Hi,
On 2021-03-24 18:36:14 +0900, Fujii Masao wrote:
> Barring any objection, I'm thinking to commit this patch.
To which branches? I am *strongly* opposed to backpatching this.
> /*
> - * Simple signal handler for exiting quickly as if due to a crash.
> + * Simple signal handler for processes which have not yet touched or do not
> + * touch shared memory to exit quickly.
> *
> - * Normally, this would be used for handling SIGQUIT.
> + * Note that if processes already touched shared memory, use
> + * SignalHandlerForCrashExit() instead and force the postmaster into
> + * a system reset cycle because shared memory may be corrupted.
> + */
> +void
> +SignalHandlerForNonCrashExit(SIGNAL_ARGS)
> +{
> + /*
> + * Since we don't touch shared memory, we can just pull the plug and exit
> + * without running any atexit handlers.
> + */
> + _exit(1);
> +}
This strikes me as a quite a misleading function name. Outside of very
narrow circumstances a normal exit shouldn't use _exit(1). Neither 1 no
_exit() (as opposed to exit()) seem appropriate. This seems like a bad
idea.
Also, won't this lead to postmaster now starting to complain about
pgstat having crashed in an immediate shutdown? Right now only exit
status 0 is expected:
if (pid == PgStatPID)
{
PgStatPID = 0;
if (!EXIT_STATUS_0(exitstatus))
LogChildExit(LOG, _("statistics collector process"),
pid, exitstatus);
if (pmState == PM_RUN || pmState == PM_HOT_STANDBY)
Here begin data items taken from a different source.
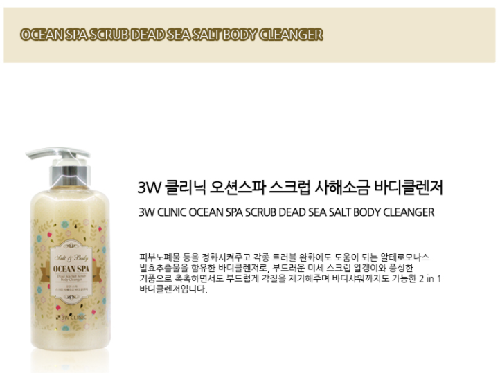 3W CLINIC ออเชียน สปา สครับเกลือเดดซี ผลิตภัณฑ์ทำความสะอาดผิวกาย ขัดผิว บำรุงผิวชุ่มชื้น ครีมอาบน้ำ เคบิวตี้ เครื่องสำอางเกาหลี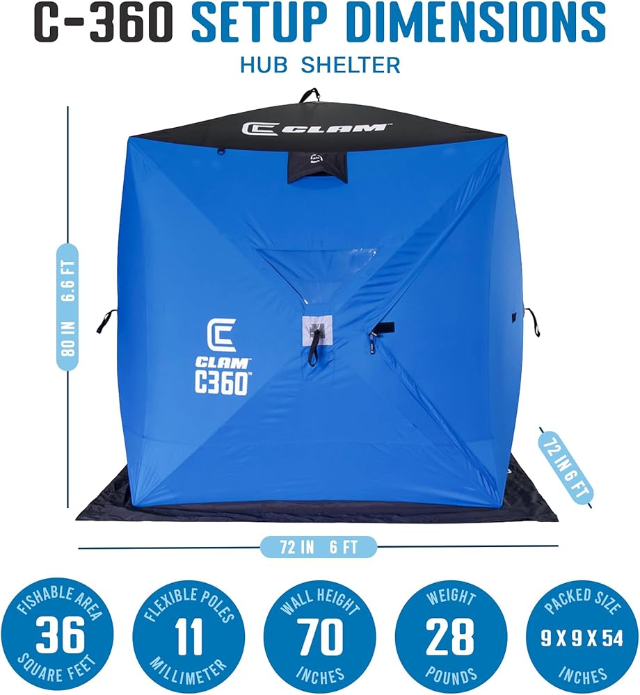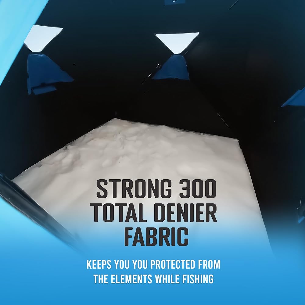 يأتي مع تنورة كبيرة الحجم للبنوك الثلجية الواسعة بالإضافة إلى ربطات التعادل ومثبتات الجليد ؛ تزن خيمة صيد الجليد 60 رطلاً وتتميز بمساحة 56 قدم مربع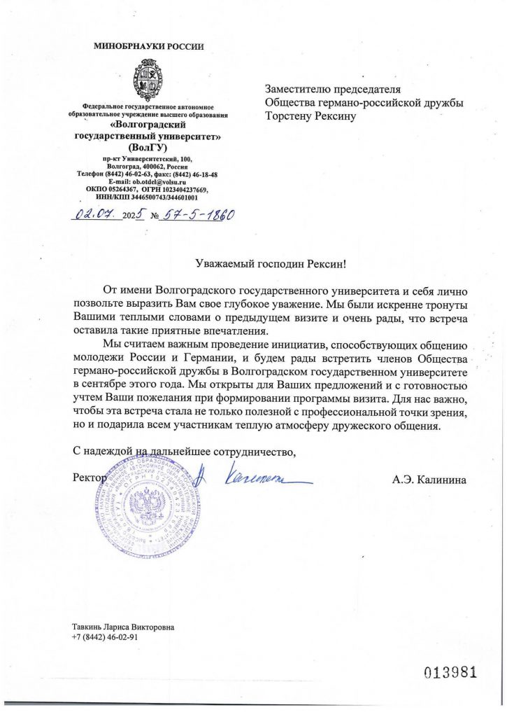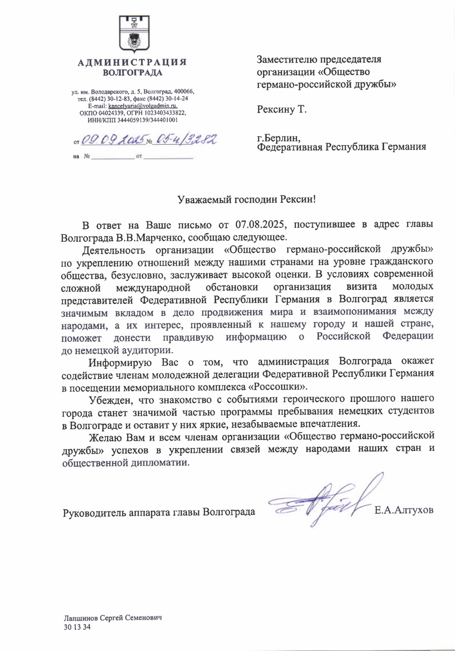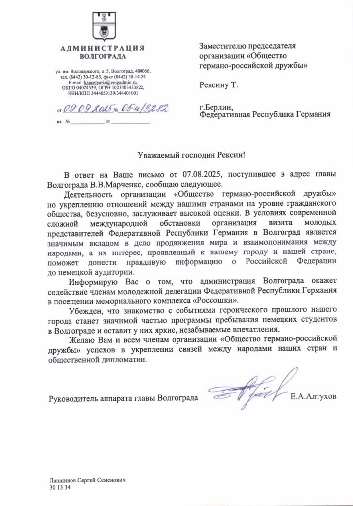 Der Leiter der Stadtverwaltung von Wolgograd, E. A. Altuchow, sandte am 9. September 2025 per Mail, an den stellvertretenden Vorsitzenden unserer Gesellschaft, Torsten Rexin, folgendes Schreiben:

PgStatPID = pgstat_start();
continue;
}
> + * The statistics collector is started by the postmaster as soon as the
> + * startup subprocess finishes, or as soon as the postmaster is ready
> + * to accept read only connections during archive recovery. It remains
> + * alive until the postmaster commands it to terminate. Normal
> + * termination is by SIGUSR2 after the checkpointer must exit(0),
> + * which instructs the statistics collector to save the final statistics
> + * to reuse at next startup and then exit(0).
I can't parse "...after the checkpointer must exit(0), which instructs..."
> + * Emergency termination is by SIGQUIT; like any backend, the statistics
> + * collector will exit quickly without saving the final statistics. It's
> + * ok because the startup process will remove all statistics at next
> + * startup after emergency termination.
Normally there won't be any stats to remove, no? The permanent stats
file has been removed when the stats collector started up.
Greetings,
Andres Freund